In fact, much of the fun of eating at Fogo de Chão is cultivating the gauchos, almost all of whom hail from Brazil and who not only bring all that meat and slice it onto your plate, but are responsible for cooking it. This makes for perfectly grilled product—gauchos are a proud lot—as well as a subtle but unmistakable friendly competition. Each one is vying to be your go-to guy. Favor rare filet mignon, and in no time the filet mignon gaucho will be plopping rare filet on your plate with stunning regularity. If you know what you like, you can have your fill here and skip the rest.

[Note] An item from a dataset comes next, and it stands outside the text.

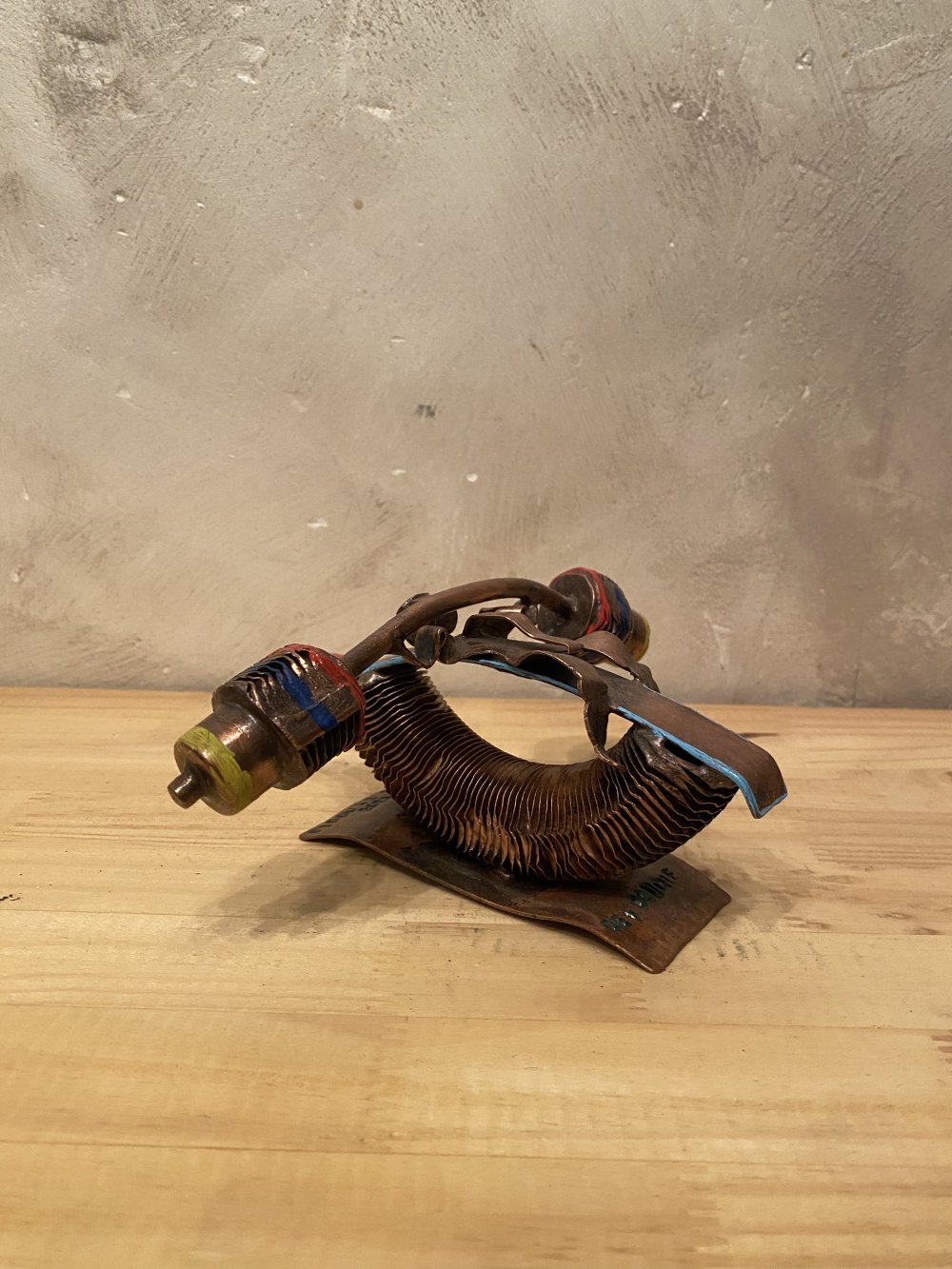 Le cuivre, le laiton ou encore le bronze plus rarement ; je récupère, frappe, scie, soude afin de créer toutes sortes d’objets et personnages.
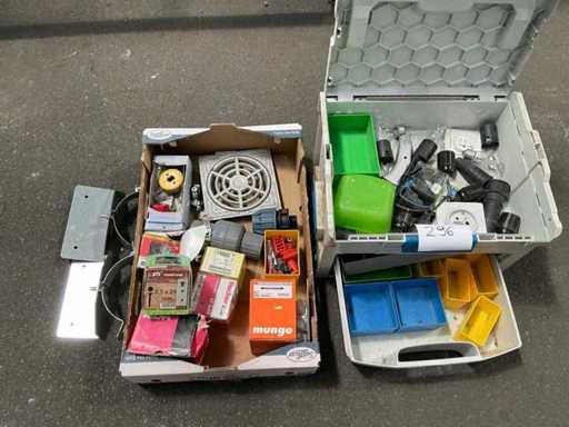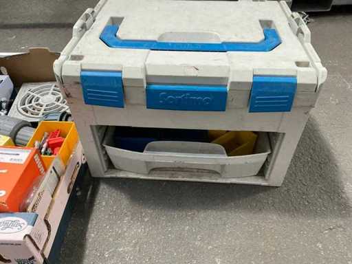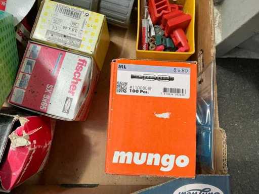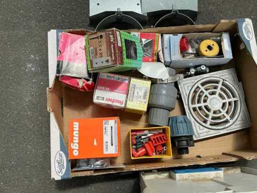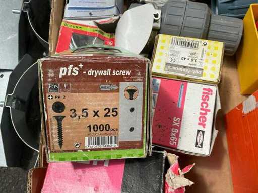 Waaronder pvc opbergkoffer sortimo compleet met inhoud, partij bevestigingsmaterialen waaronder HILTI, Fischer, pfs, schroeven en pluggen,… alu rooster

The gauchos aren't the only ones who make eating here a pleasure. Like a number of savvy upscale chains, Fogo obviously puts lots of time and money into training its service people. Hooray, we say. It's nice to know that, within weeks of opening, a restaurant's staff can not only handle a couple hundred customers without dropping a beat, but it can do so with unobtrusive grace and efficiency, from floor manager to busboy.

The wine list, too, distinguishes Fogo from the competition. Staff is specifically trained to guide diners through the extensive list of meat-friendly wines, with emphasis on South American and European selections.

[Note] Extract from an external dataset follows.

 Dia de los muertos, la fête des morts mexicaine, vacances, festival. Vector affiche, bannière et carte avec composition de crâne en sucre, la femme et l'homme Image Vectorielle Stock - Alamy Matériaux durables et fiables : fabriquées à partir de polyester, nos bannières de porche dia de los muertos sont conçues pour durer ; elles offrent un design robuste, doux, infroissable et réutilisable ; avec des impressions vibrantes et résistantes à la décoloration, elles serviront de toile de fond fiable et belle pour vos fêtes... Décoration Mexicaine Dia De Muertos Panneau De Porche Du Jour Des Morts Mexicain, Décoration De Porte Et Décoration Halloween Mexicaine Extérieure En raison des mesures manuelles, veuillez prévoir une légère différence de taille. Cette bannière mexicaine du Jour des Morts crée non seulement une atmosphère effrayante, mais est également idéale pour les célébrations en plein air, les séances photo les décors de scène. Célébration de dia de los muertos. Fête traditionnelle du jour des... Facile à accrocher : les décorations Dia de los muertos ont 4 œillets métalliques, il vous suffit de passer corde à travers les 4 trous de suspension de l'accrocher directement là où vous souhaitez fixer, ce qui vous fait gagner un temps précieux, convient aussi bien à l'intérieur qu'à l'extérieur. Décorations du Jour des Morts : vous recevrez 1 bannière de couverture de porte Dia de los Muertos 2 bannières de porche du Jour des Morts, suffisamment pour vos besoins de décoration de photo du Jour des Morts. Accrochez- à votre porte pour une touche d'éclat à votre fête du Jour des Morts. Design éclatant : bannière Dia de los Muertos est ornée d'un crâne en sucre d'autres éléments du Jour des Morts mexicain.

And dessert? We asked ourselves how we could go there after eating ourselves into a food coma. Then we ordered some anyway. The specialty is a cool, airy concoction called papaya cream, a whipped-up mix of papaya, crème de cassis, vanilla ice cream, and mint. I can't demand that you make room for it—if you're eating here, that's a lost cause—but get it anyway. It somehow fools you into believing it's light as a cloud. There's a strawberry cream, too, and standards like molten chocolate cake and Key lime pie, all surprisingly good. After all, you don't necessarily expect fine desserts at a place where grilled meat is king. But that's yet another way Fogo de Chão has figured out how to one-up its competition, which is not really other Brazilian steakhouses but other steakhouses, period.

So get dessert. Go crazy on the buffet. Eat every single piece of juicy, smoky, sizzlingly earthy animal flesh that lands on your plate. Is it likely a rabid carnivore (and it's hard to imagine eating here if you're not) will really heed all my caveats and advice anyway? Probably not. Keep those gauchos busy. It will make their day.